Work to complete:
Repeat exactly the lines of the material below that run from the "Detailed information can" line to the "龙泰大楼楼顶堆放着大量垃圾。龚剑雄摄" line, including both, and do not carry over any pictures.

Exercise data:

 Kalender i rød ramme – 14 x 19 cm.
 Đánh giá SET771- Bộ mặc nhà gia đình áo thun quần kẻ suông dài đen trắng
--
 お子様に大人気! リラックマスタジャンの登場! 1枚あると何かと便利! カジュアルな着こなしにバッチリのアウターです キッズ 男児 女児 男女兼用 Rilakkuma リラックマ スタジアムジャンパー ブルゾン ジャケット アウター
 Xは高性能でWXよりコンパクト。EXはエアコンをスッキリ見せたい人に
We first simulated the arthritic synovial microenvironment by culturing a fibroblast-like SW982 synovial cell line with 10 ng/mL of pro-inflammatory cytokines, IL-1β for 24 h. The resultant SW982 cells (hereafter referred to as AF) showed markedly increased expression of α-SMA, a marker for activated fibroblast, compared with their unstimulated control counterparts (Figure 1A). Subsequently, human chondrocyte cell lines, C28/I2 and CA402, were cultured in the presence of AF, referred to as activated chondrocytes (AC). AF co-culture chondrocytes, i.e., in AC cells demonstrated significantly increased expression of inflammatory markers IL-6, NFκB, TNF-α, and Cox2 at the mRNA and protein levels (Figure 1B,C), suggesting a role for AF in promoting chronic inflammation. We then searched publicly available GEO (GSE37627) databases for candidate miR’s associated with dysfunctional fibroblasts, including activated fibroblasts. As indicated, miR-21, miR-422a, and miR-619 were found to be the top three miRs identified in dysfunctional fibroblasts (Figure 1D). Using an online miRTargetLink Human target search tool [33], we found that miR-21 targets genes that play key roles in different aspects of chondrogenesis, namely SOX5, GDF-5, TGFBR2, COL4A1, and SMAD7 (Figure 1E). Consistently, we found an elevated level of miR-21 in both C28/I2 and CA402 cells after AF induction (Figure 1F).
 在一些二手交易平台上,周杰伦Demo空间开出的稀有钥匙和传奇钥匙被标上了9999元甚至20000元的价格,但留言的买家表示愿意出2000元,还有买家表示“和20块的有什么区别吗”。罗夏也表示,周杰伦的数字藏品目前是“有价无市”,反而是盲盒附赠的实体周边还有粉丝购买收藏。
* * *
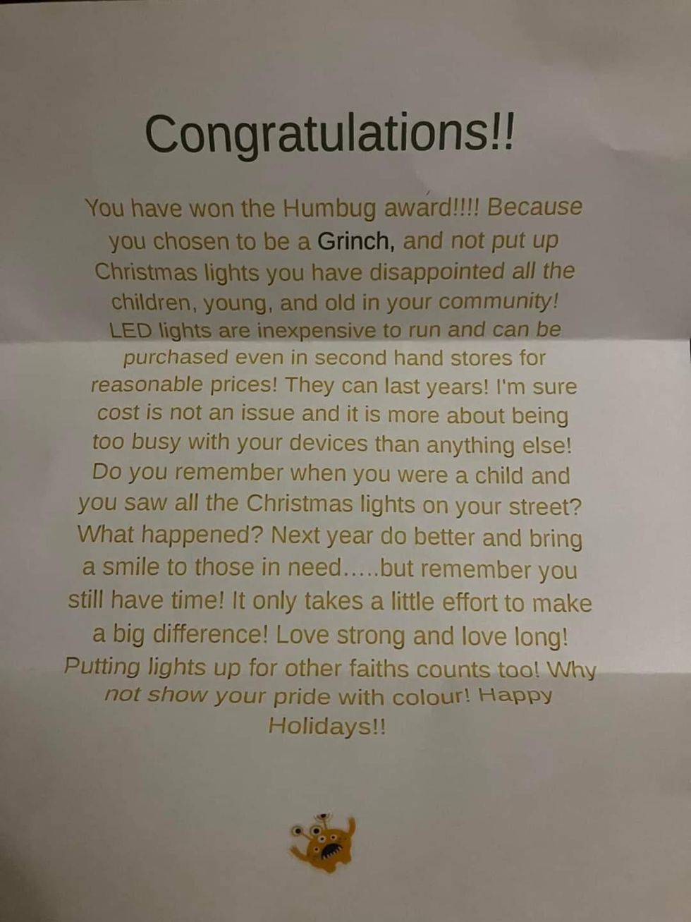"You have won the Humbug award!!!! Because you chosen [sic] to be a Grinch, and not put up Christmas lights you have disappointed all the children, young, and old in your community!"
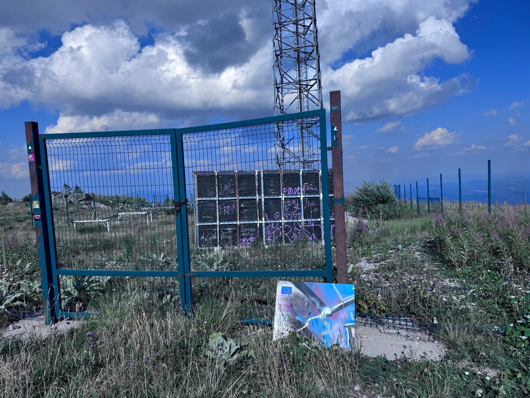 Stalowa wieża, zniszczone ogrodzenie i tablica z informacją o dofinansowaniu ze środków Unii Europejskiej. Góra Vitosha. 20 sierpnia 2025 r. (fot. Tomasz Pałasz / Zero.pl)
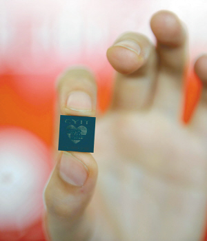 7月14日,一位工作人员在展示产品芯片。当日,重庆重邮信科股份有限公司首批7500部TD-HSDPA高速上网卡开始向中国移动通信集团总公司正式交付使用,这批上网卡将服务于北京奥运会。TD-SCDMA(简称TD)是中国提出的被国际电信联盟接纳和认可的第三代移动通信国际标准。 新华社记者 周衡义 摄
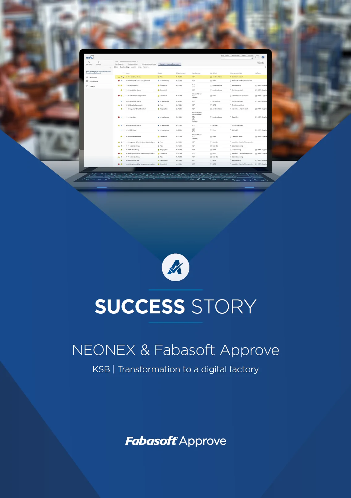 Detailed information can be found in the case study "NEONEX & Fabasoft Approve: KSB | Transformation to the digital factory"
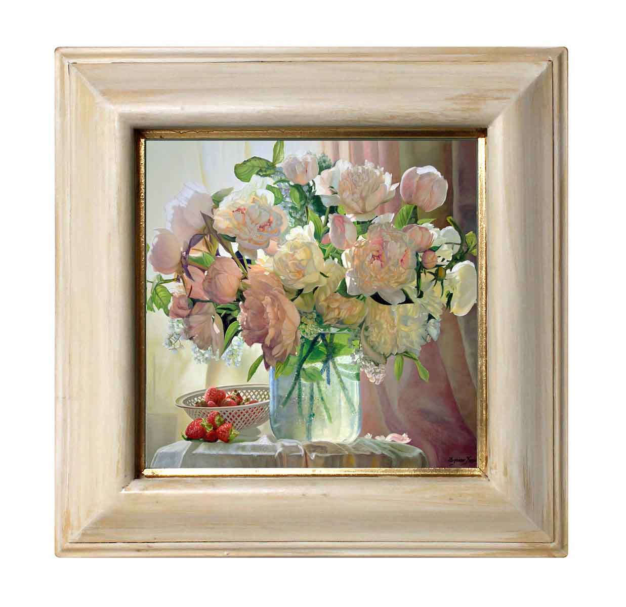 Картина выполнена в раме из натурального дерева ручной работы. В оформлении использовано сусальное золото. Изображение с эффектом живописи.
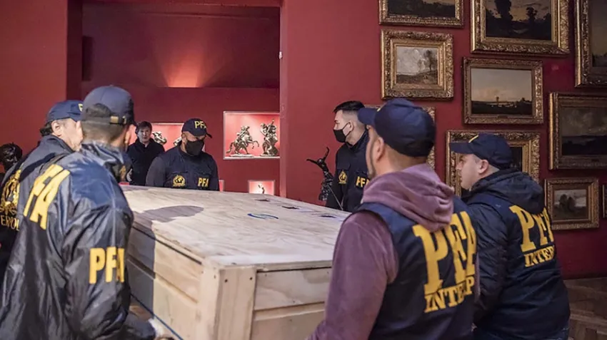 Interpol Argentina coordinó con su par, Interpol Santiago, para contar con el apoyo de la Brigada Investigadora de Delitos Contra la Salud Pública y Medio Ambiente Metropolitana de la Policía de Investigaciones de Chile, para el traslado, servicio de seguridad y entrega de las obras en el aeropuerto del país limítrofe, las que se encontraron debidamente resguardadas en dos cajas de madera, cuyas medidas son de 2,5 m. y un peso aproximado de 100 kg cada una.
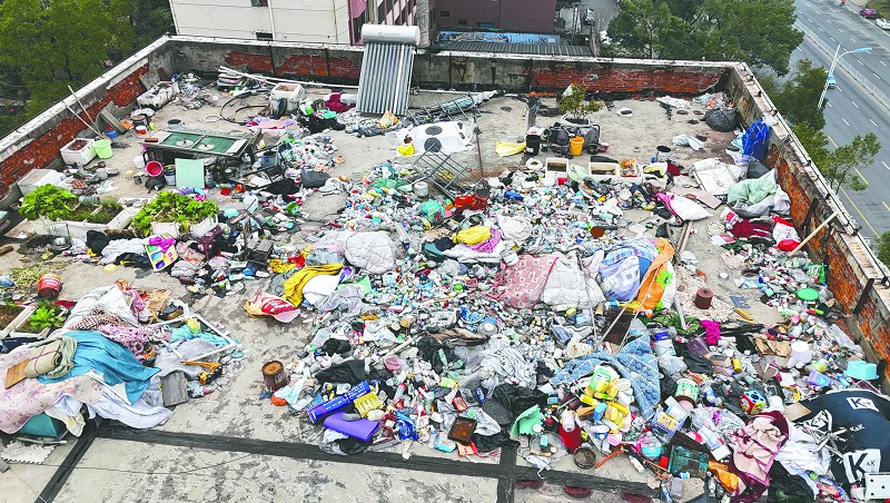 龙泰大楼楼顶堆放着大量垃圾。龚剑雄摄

Your response:
 Detailed information can be found in the case study "NEONEX & Fabasoft Approve: KSB | Transformation to the digital factory"
 Картина выполнена в раме из натурального дерева ручной работы. В оформлении использовано сусальное золото. Изображение с эффектом живописи.
 Interpol Argentina coordinó con su par, Interpol Santiago, para contar con el apoyo de la Brigada Investigadora de Delitos Contra la Salud Pública y Medio Ambiente Metropolitana de la Policía de Investigaciones de Chile, para el traslado, servicio de seguridad y entrega de las obras en el aeropuerto del país limítrofe, las que se encontraron debidamente resguardadas en dos cajas de madera, cuyas medidas son de 2,5 m. y un peso aproximado de 100 kg cada una.
 龙泰大楼楼顶堆放着大量垃圾。龚剑雄摄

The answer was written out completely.